Consumers are being bombarded with a host of seemingly new home sales ideas/concepts. Companies like Homelight, Upnest, Movoto, Redfin, Offerpad, Homie, Compass, TopAgents, and Zillow have all become major media buyers. As a matter of fact, 3 more companies just got their Series A funding as I completed that last sentence. But, are any of these ideas actually, “new”?
The “i-buyer” movement is nothing more than a sexed up version of those hand-scrawled, “we buy houses”, signs from the side of the road. Low-ball flippers specializing in thin-coat gloss overs is NOT a new idea. It’s just now done on a massive scale. Legitimizing these types with tons of venture investment is the new element here. Cleans up real nice.
Many of the other “new” solutions equate to nothing more than commission cutting. Again, not new! It’s been 50 years since that new upstart ReMax first allowed their agents to discount commission percentages. Think of that—50 years and the industry is still waffling between 5% and 6%. WTF?
Another set of new voices confusing consumers are the “agent finders”. These companies all promote wildly unfounded claims of their sales agents selling homes quicker and for more money than traditional agents. Toeing the line of fraud, but somehow never crossing it? In reality, these companies’ team sales agents up, meaning agents who pay them, with random phone numbers, they call “leads”, in a strategy to extract a percentage of the agent’s commission. It’s a marketing trick. Sad, but certainly not new.

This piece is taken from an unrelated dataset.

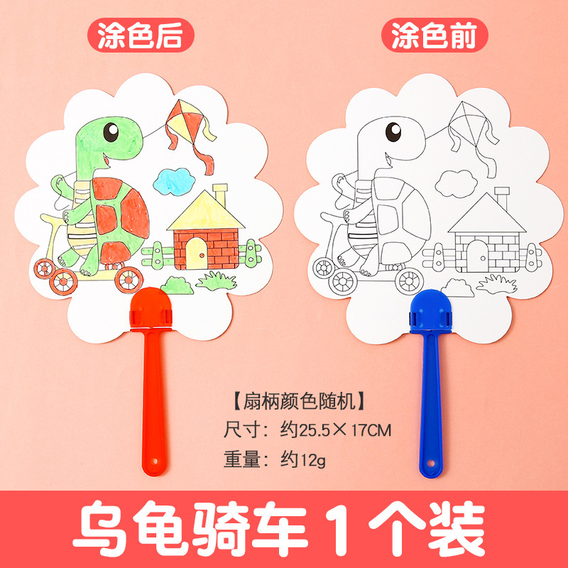 DIY 팬 빈 손으로 그린 팬 스톨 장난감 재료 그림 원형 팬 유치원 오프닝 선물 그림 여름 방학 수업

Developing the next big thing in real estate is made harder because the industry is so broad. Trying to create a solution that works across every way society chooses to live just might be a fool’s goal. Logic tells us change happens one step at a time. As a society, we rarely leap. Given that, what would be the segment of our industry representing the lowest hanging fruit for change?
The business rules of real estate were principally established for the buying and selling of single family homes. Absolutely critical to the development of suburbia. Such widespread deployment tells us, this is NOT the segment of our industry ripe for easy change. Hence the decades of stagnation. Look elsewhere.

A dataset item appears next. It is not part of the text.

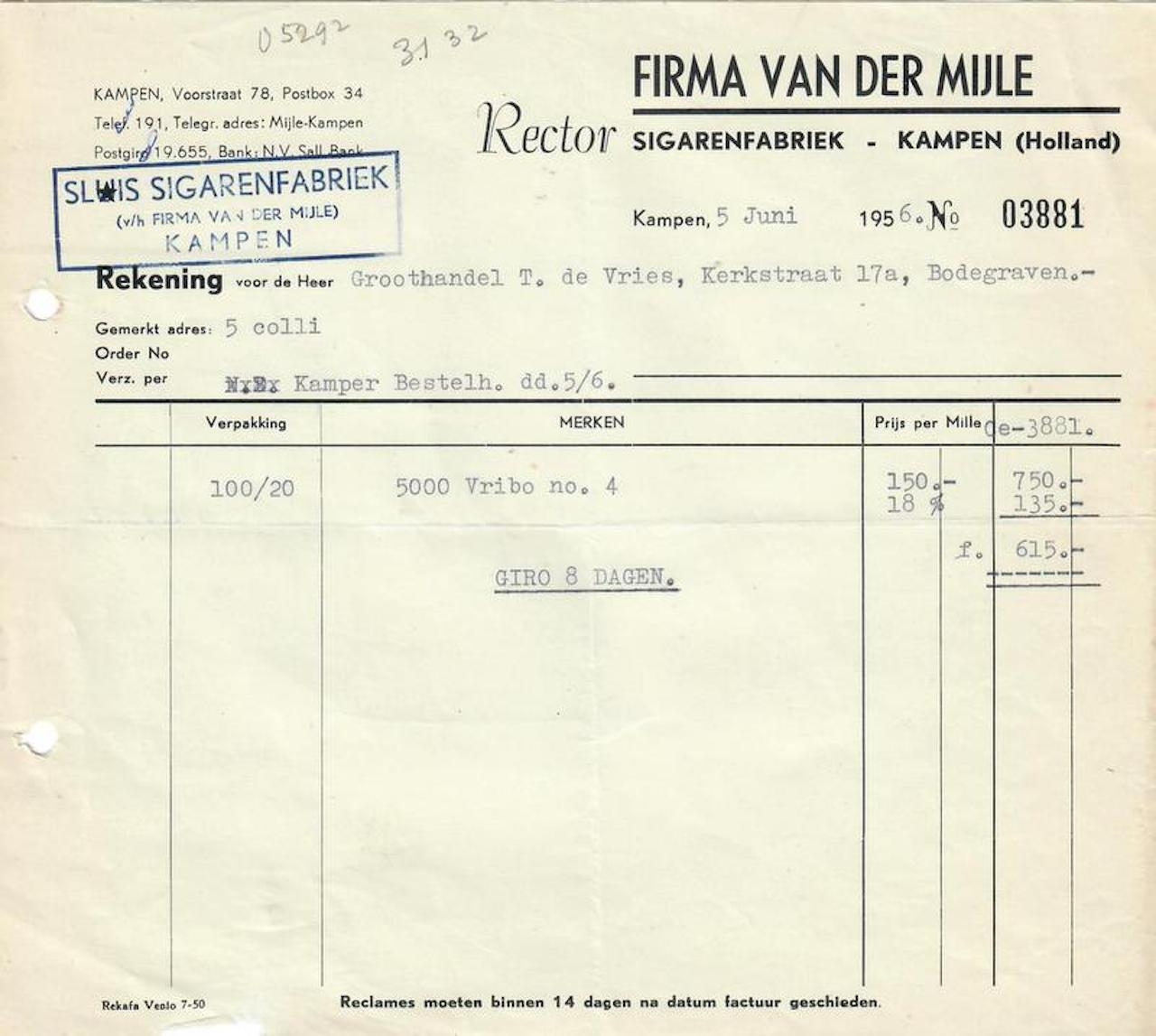 Mijle van der Firma Sluis Tabaks- en Sigarenbedrijven - Kampen 5-6-1956 L

Many franchise Realtors like to market themselves as their client’s “realty partner”. While this sounds great out of the “cliché-o-meter”, in truth, it’s kind of funny in an absurdist way. Bottom line; many of us actually have realty partners we aren’t really aware of; they’re called HOAs.

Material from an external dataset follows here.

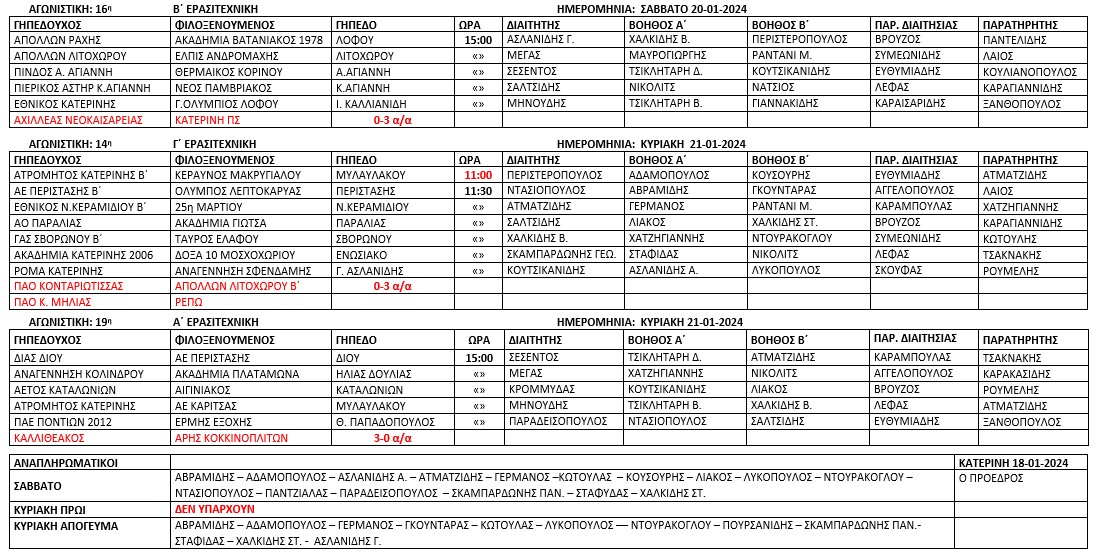 Στην Νέα Έφεσο και στα γραφεία της Ε.Π.Σ. Πιερίας σήμερα 18-01-2024 ημέρα Πέμπτη και ώρα 15:00 συνήλθε σε συνεδρίαση η Επιτροπή Διαιτησίας της Ε.Π.Σ. Πιερίας που αποτελείται από τους Ευθυμιάδη Δαμιανό Πρόεδρο, Καραισαριδη Νικόλαο Αναπληρωτή Πρόεδρο και τα μέλη , Συμεωνίδη Παναγιώτη και Λέφα Γρηγόριο, με θέμα τον ορισμό διαιτητών και βοηθών διαιτητού για τους αγώνες πρωταθλήματος της Ε.Π.Σ. Πιερίας που θα πραγματοποιηθούν την 20 & 21-01-2024.

For most living in suburbia, HOAs are a pain the ass. It seems their entire mission in life is to make their homeowner’s lives miserable. For a large majority of us, news from the HOA is rarely celebratory. But not all HOAs are the same. Some HOAs are far more intimate with their members.
HOAs in hi-rise condominiums, act and function, very differently from the HOAs found in suburban swim/tennis communities. HOAs for small town home communities are far more critical to its members than any other type of housing.
People can buy single family suburban homes with little or no thought toward an HOA. People buying into small town home communities who don’t factor the HOA into their buying decision are taking huge gambles. The wild disparity in the roles of HOAs indicates market segments with the most to gain from radical change. Simply put, the more important an HOA is to a home seller, the more likely the need for change. Turns out, HOAs are the key.
Over the next 2 blogs we will be detailing radical changes for both the condominium and small town home community sales structures. Both of these types of communities require high-touch HOAs. The goal is to create a sales solution benefiting not only the home seller but the greater community at large. And yes, we are saying, the proverbial win/win.
The losers, real estate agents. At least some real estate agents. Condo’s and town homes have shared resources and common areas. Their HOAs are forever looking for cost savings and efficiency. Sales solutions for these market segments should incorporate that same mentality. Efficiency in real estate? Are you mad! If that were to happen, fewer agents would be needed. Well, that’s the point.